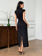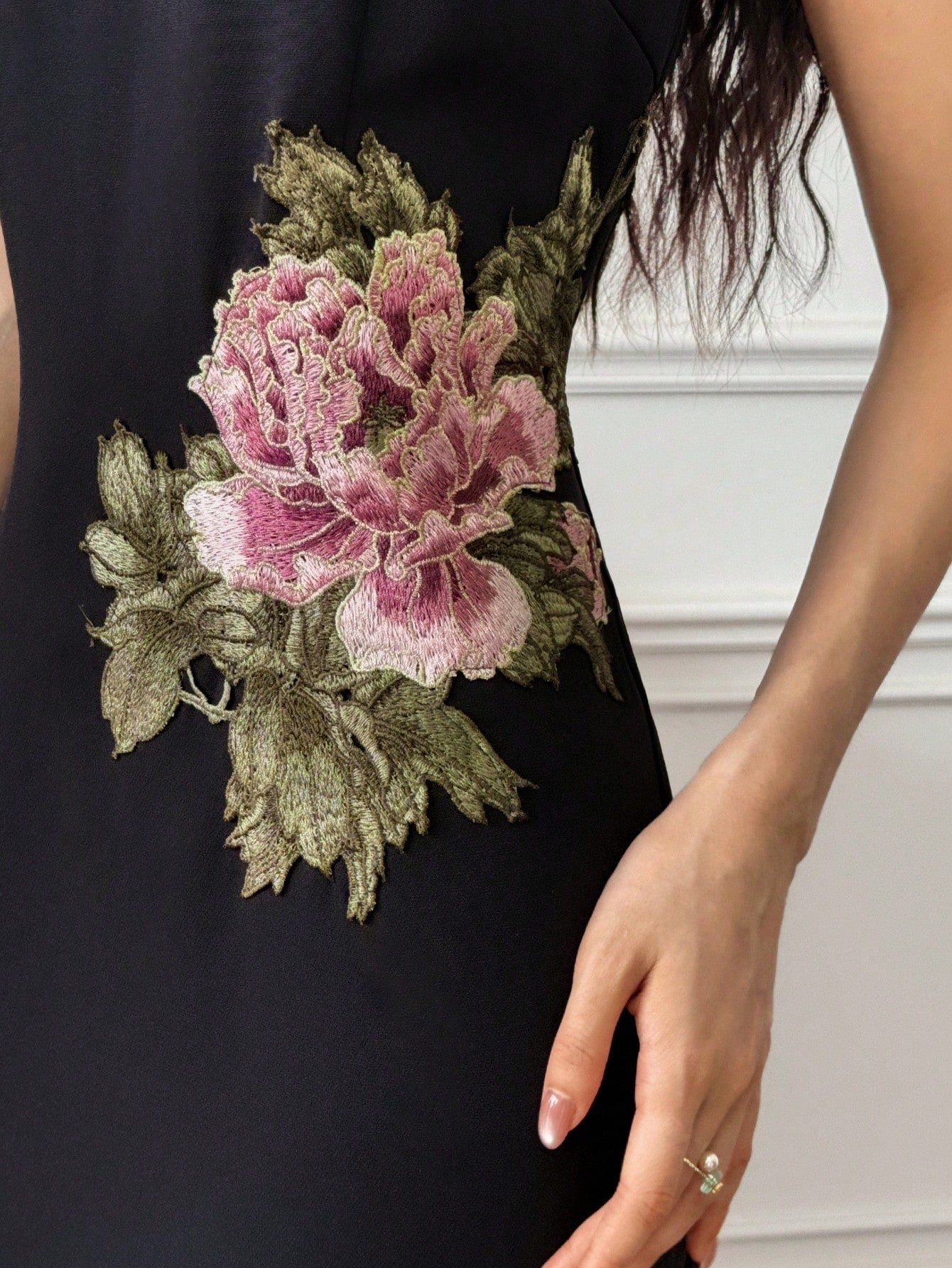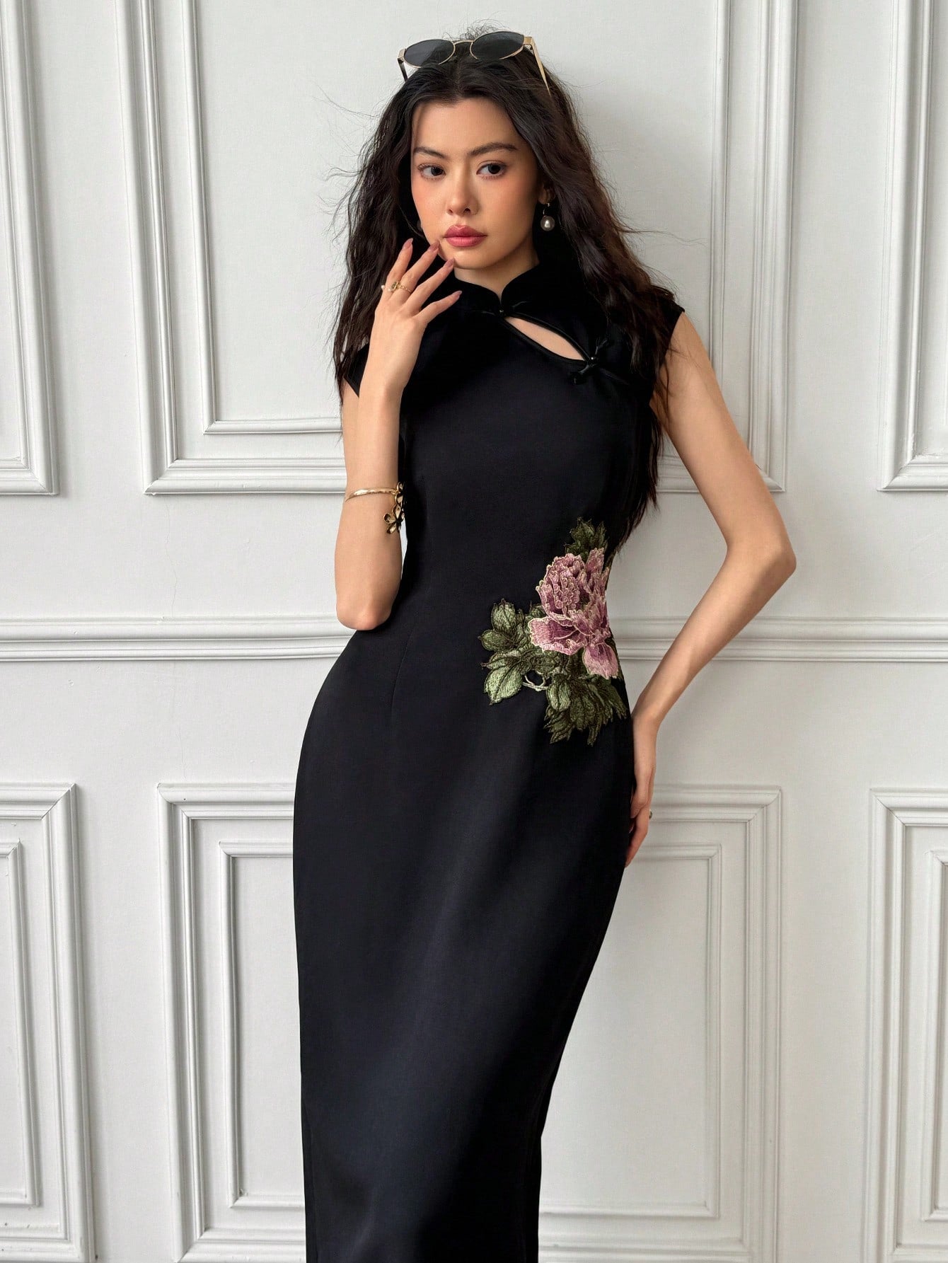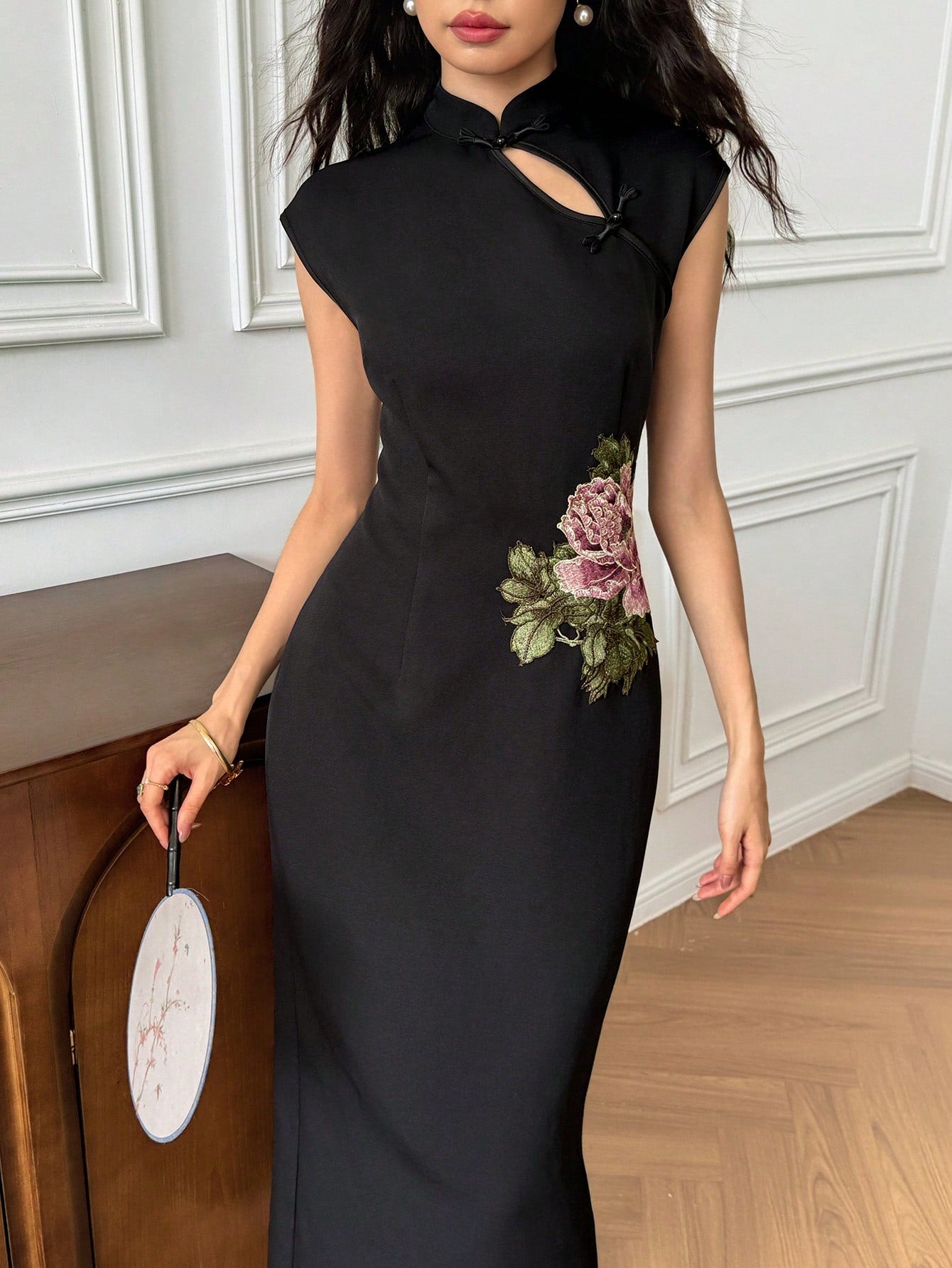 EastFlair Women's Floral Printed Button Design Chinese Style Elegant Long Dress Cheongsam Dress Black
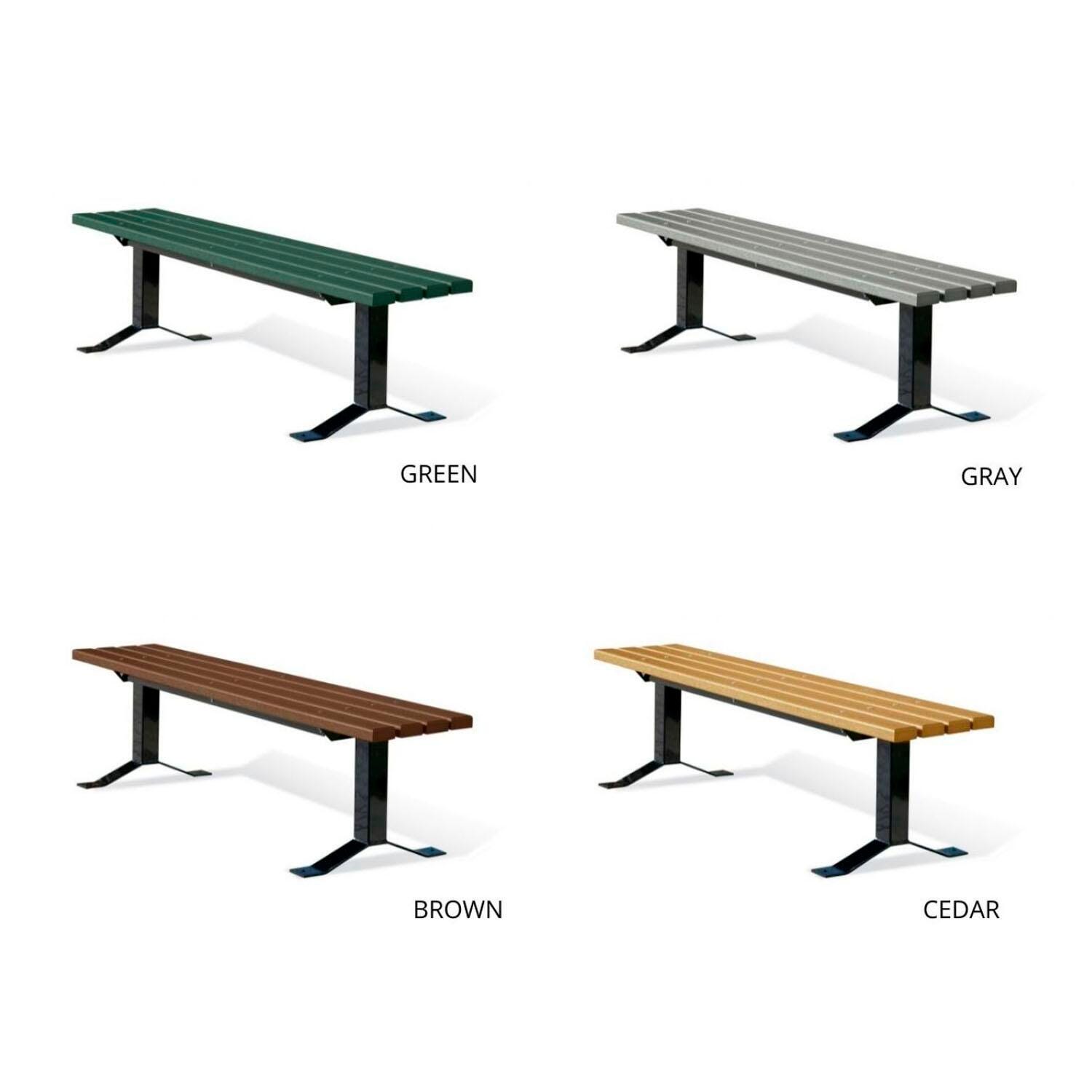 This 952 Series 3 x 4 Recycled Plastic Bench without Back is the perfect, nature-inspired addition to your outdoor recreational space. This UltraSite bench with no back is constructed from recycled plastic planks for an environmentally friendly seating solution, and constructed from a powder-coated finished steel frame for long-lasting durability even in high-traffic areas. This bench is available as a surface or in-ground mount, depending on your outdoor space's needs. The seat height is 18 inches. Some assembly is required.Features
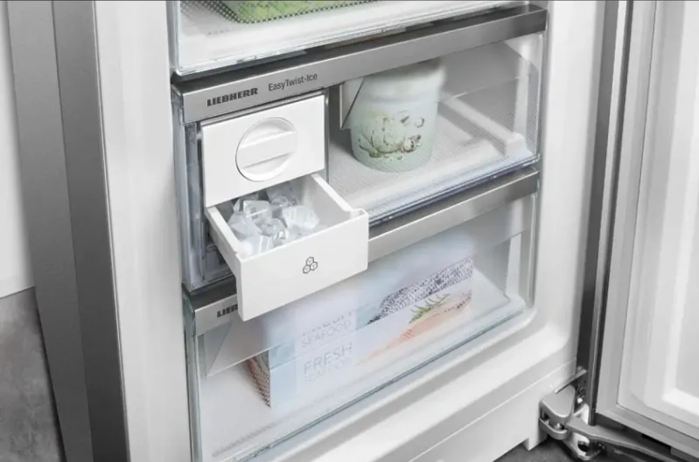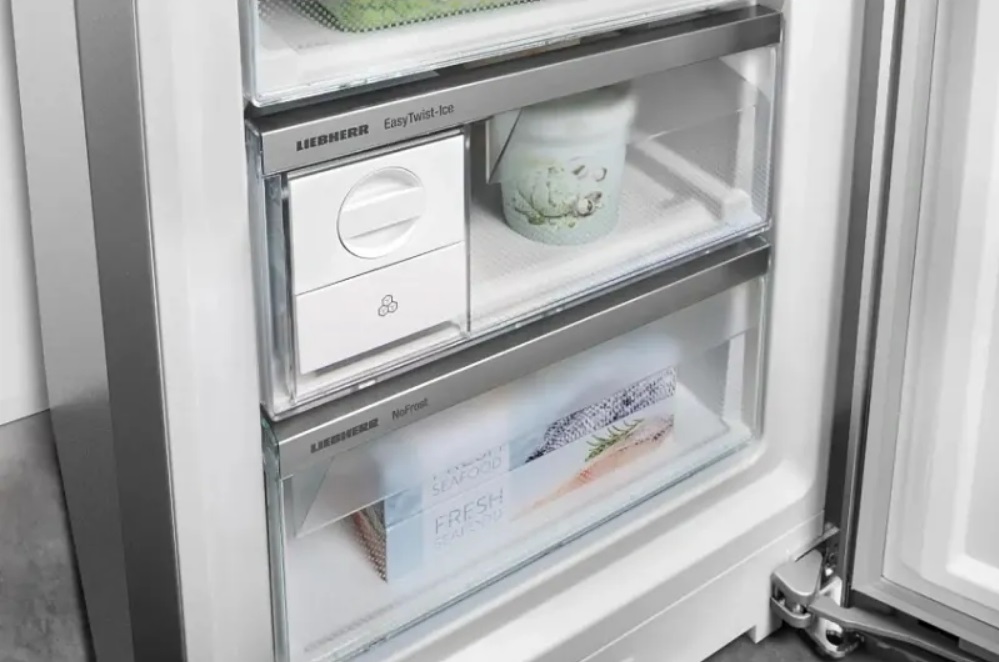 Морозильная камера четырехзвездочная, поддерживает диапазон −15...-26°C. No Frost избавляет от ручной разморозки, три выдвижных ящика с системой FrostSafe и Vario упорядочивают запас. Производительность замораживания до 16 кг/сутки, а при отключении питания холод сохраняется до 24 часов. Ледогенератор EasyTwist дает запас кубиков без подключения водопровода.

● **Task prompt**
With the pictures omitted, give every line above again exactly.

● **Output**
 EastFlair Women's Floral Printed Button Design Chinese Style Elegant Long Dress Cheongsam Dress Black
 This 952 Series 3 x 4 Recycled Plastic Bench without Back is the perfect, nature-inspired addition to your outdoor recreational space. This UltraSite bench with no back is constructed from recycled plastic planks for an environmentally friendly seating solution, and constructed from a powder-coated finished steel frame for long-lasting durability even in high-traffic areas. This bench is available as a surface or in-ground mount, depending on your outdoor space's needs. The seat height is 18 inches. Some assembly is required.Features
 Морозильная камера четырехзвездочная, поддерживает диапазон −15...-26°C. No Frost избавляет от ручной разморозки, три выдвижных ящика с системой FrostSafe и Vario упорядочивают запас. Производительность замораживания до 16 кг/сутки, а при отключении питания холод сохраняется до 24 часов. Ледогенератор EasyTwist дает запас кубиков без подключения водопровода.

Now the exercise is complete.